2.3 Distributed Administration 

The users of a distributed network are likely to be managed by different administrative 
authorities. A distributed transport mechanism should support this decentralized administrative 
structure, thereby minimizing the need for separate groups to operate under mutually agreeable 
conventions. Individual authorities should be able to control admission of users to the message 
communication network and the names by which they are known. In doing so, the representative 
of the administration should be able to interact directly with the transport facility without having 
to communicate with a central authority. 

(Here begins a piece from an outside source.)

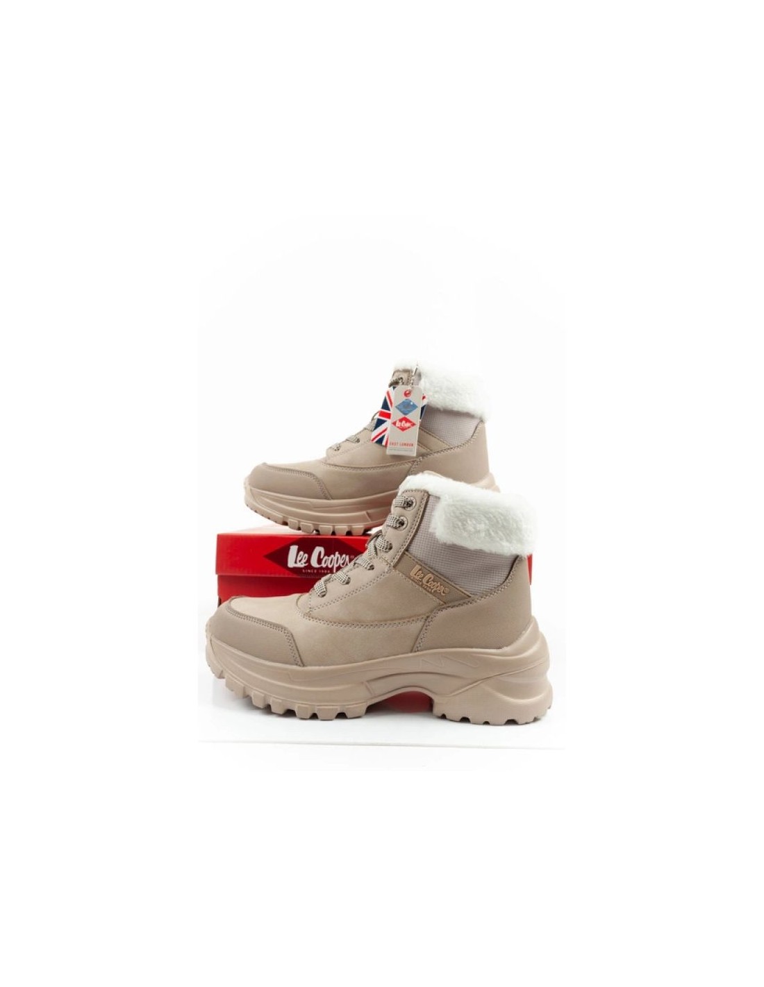 Lee Cooper women\’s winter trekking sports shoes Lee Cooper insulated beige Insulated winter boots for women. The upper is made of the highest quality eco-leather and fabric, which should be impregnated before use to provide the shoes with additional protection against moisture. Soft inner insulation effectively protects against the cold, and the raised upper stabilizes the ankle and increases comfort. The thick, fully cushioned outsole ensures comfort on every walk. The lacing system used in the shoes ensures a perfect fit to the foot. The perfect footwear for any fashionable style. Lee Cooper hiking boots for winter. The universal design of Lee Cooper shoes is perfect for both casual and sporty styles. These are shoes that will work well in autumn and winter conditions, guaranteeing warmth, comfort and a fashionable look.

2.4 Scaling and Reconfiguration 

Networks often change in size and interconnection structure. To design a transport mechanism 
that cannot gracefully accommodate such changes would be disastrous. In particular, the 
mechanism should comfortably handle the message traffic of a small network with an appropriately 
small amount of storage and computing resources. Larger networks naturally require additional 
resources. The transport mechanism should be organized to allow convenient, dynamic alteration 
of the network configuration, in both the arrangement of clients and the services required by the 
mechanism. It should be designed to expand flexibly and naturally as additional communities of 
users are included or as additional supporting services, e.g., new file storage, become available. 
This design goal implies that the transport mechanism cannot rely on a single, fixed capacity, 
central service to implement its ftinction. Such a service, if sufficient for a small network, would 
be inadequate for a large one and, if adequate for a large network, inappropriate for a small one. 
Finally, it should be easy to reconfigure the transport mechanism to respond to changes in the 
distribution of message traffic. 

2.5 Security 

Secure message transmission is an important requirement within certain user communities. The 
transport mechanism should support the use of conventional encryption techniques even though it 
may not provide encryption services directly. The implications of this goal are beyond the scope 
of this paper and will not be discussed. (See [Needham and Schroeder] for a discussion of the 
kinds of message-passing protocols that the transport mechanism must support.)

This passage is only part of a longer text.